What is needed :: Take the listing below and output it exactly, with no images.

Exercise data ::
========================
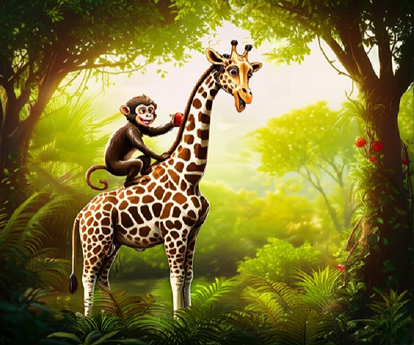 One day he said to the giraffe, "There's some lovely juicy fruit growing on that tree, but you wouldn't be able to reach it" The giraffe said, "lt is impossible. Just watch me." Then the giraffe reared up its long neck, and put out the tongue, but the fruit was just out of reach. "I said you couldn't reach it," said the monkey. "But I can." Suddenly, the monkey jumped on to the giraffe's back and scrambled up his neck. Then he stretched out his long arm and picked the fruit. The monkey said, "We could not do it alone, but we can do it together." And after that, the tallest giraffe didn't boast any more, and it became best friend of monkey.
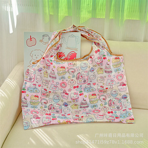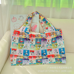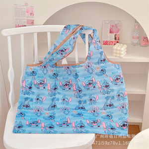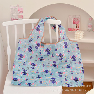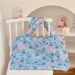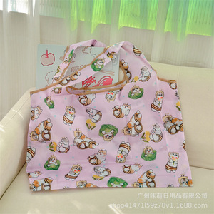 鲨鱼猫购物袋无纺布可折叠买菜袋子布袋子史迪仔labubu卡通环保袋
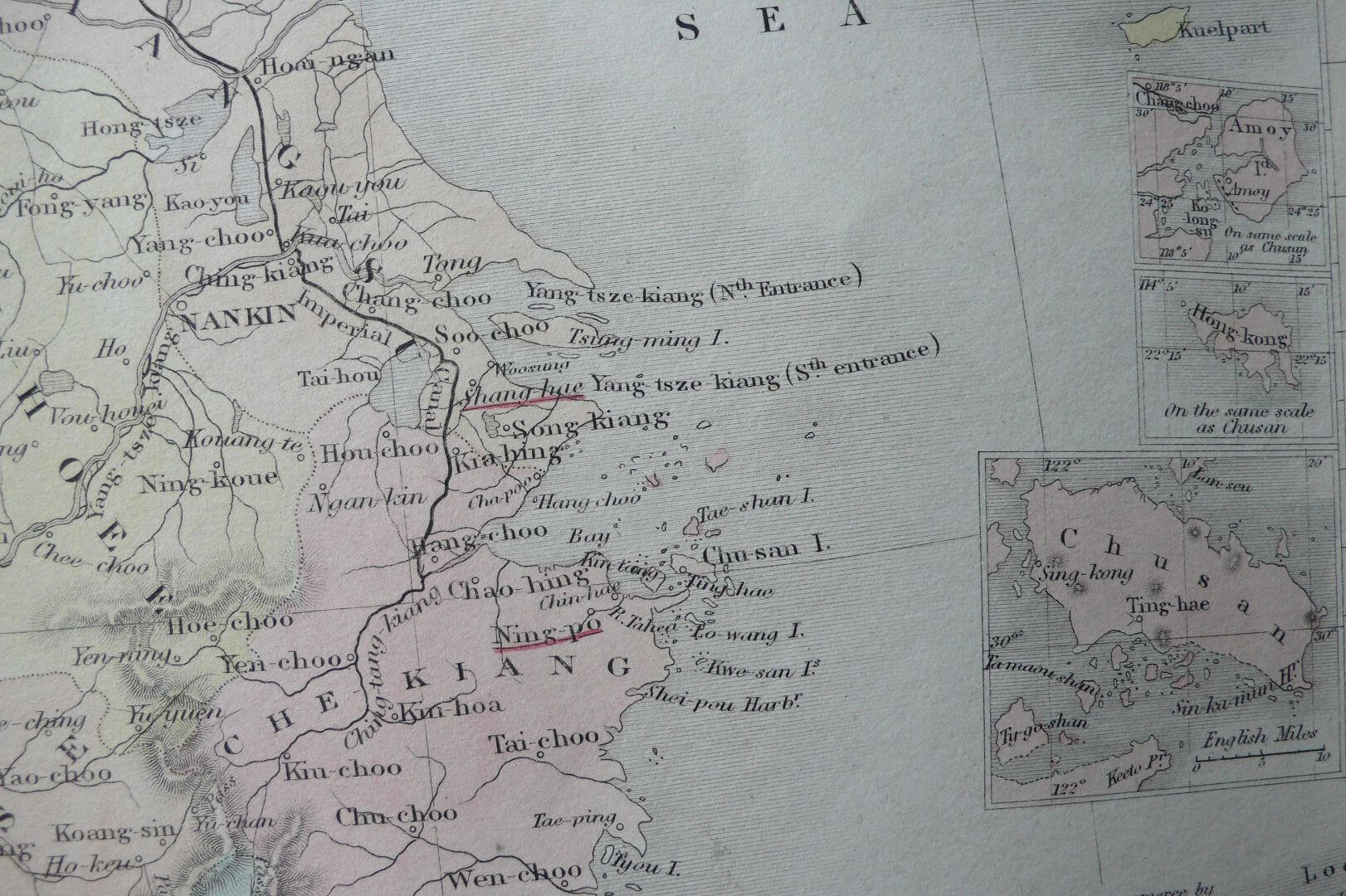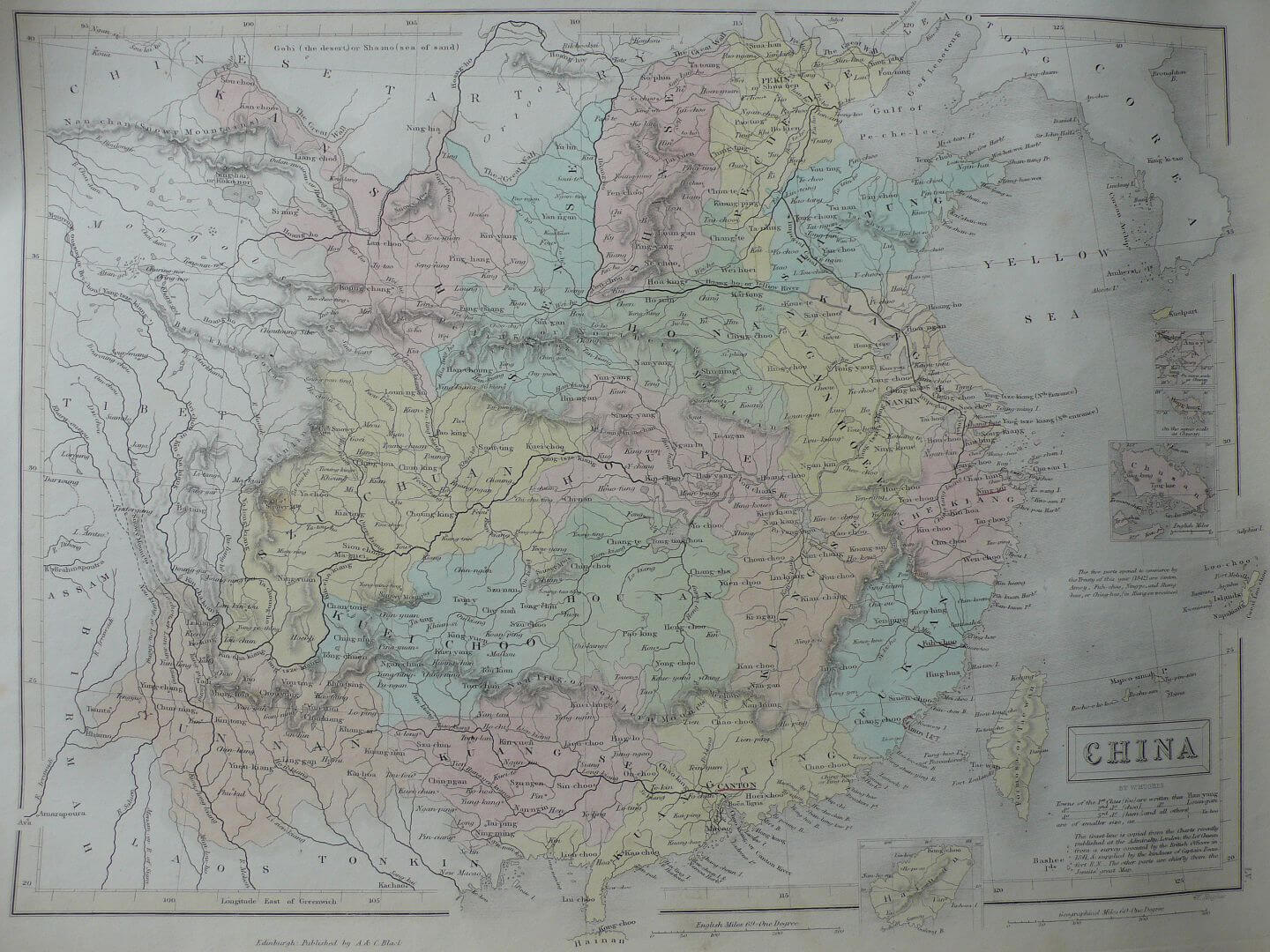 这是一张1851年由威廉·休斯亚当和查尔斯布莱克发布于爱丁堡的钢刻古董地图。该地图最初发表于1842年,显示了极佳的中国地图细节。上面清晰标示了城市,城镇,河流,山脉,海湾等细节,还标注了当时中国与欧洲通商的五个口岸,并有厦门,舟山,香港和海南岛的插图。地图尺寸约为43厘米×30厘米(17英寸×12英寸),保存的很好。
========================
Answer box ::
 One day he said to the giraffe, "There's some lovely juicy fruit growing on that tree, but you wouldn't be able to reach it" The giraffe said, "lt is impossible. Just watch me." Then the giraffe reared up its long neck, and put out the tongue, but the fruit was just out of reach. "I said you couldn't reach it," said the monkey. "But I can." Suddenly, the monkey jumped on to the giraffe's back and scrambled up his neck. Then he stretched out his long arm and picked the fruit. The monkey said, "We could not do it alone, but we can do it together." And after that, the tallest giraffe didn't boast any more, and it became best friend of monkey.
 鲨鱼猫购物袋无纺布可折叠买菜袋子布袋子史迪仔labubu卡通环保袋
 这是一张1851年由威廉·休斯亚当和查尔斯布莱克发布于爱丁堡的钢刻古董地图。该地图最初发表于1842年,显示了极佳的中国地图细节。上面清晰标示了城市,城镇,河流,山脉,海湾等细节,还标注了当时中国与欧洲通商的五个口岸,并有厦门,舟山,香港和海南岛的插图。地图尺寸约为43厘米×30厘米(17英寸×12英寸),保存的很好。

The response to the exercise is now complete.